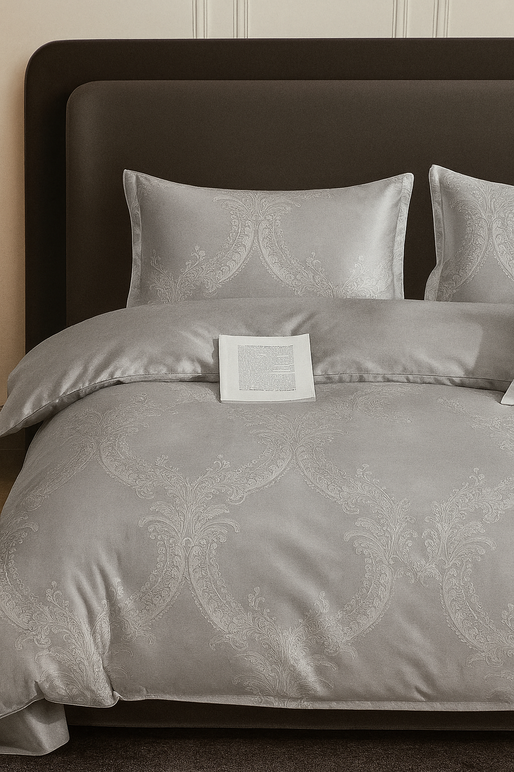 Textura fină, ușor lucioasă, este îmbogățită cu un model subtil, țesut direct în material, oferind un plus de eleganță...
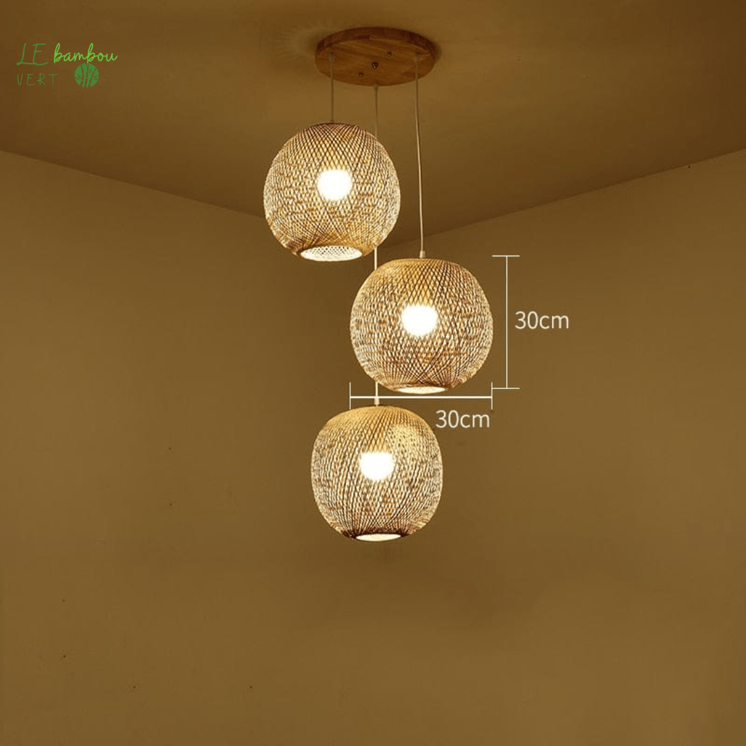 The bamboo chandelier is very practical for lighting a room while giving it a unique 3 round style .
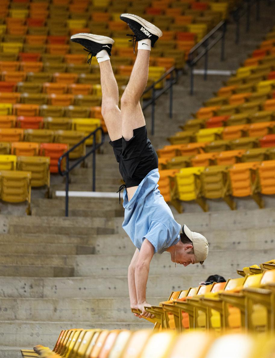 PHOTO BY Jack Burton Clark Croshaw warms up in the Dee Glen Smith Spectrum on Feb. 10.
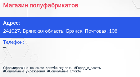 Магазин полуфабрикатов по адресу 241027, Брянская область, Брянск, Почтовая, 108 в дальнейшем Организация, размещена в следующих категориях:

::::

* [EXERCISE AIM]
Please restate word for word each line from the one containing "The bamboo chandelier" to the end of the data above, without the pictures.

* [EXERCISE SOLUTION]
 The bamboo chandelier is very practical for lighting a room while giving it a unique 3 round style .
 PHOTO BY Jack Burton Clark Croshaw warms up in the Dee Glen Smith Spectrum on Feb. 10.
 Магазин полуфабрикатов по адресу 241027, Брянская область, Брянск, Почтовая, 108 в дальнейшем Организация, размещена в следующих категориях:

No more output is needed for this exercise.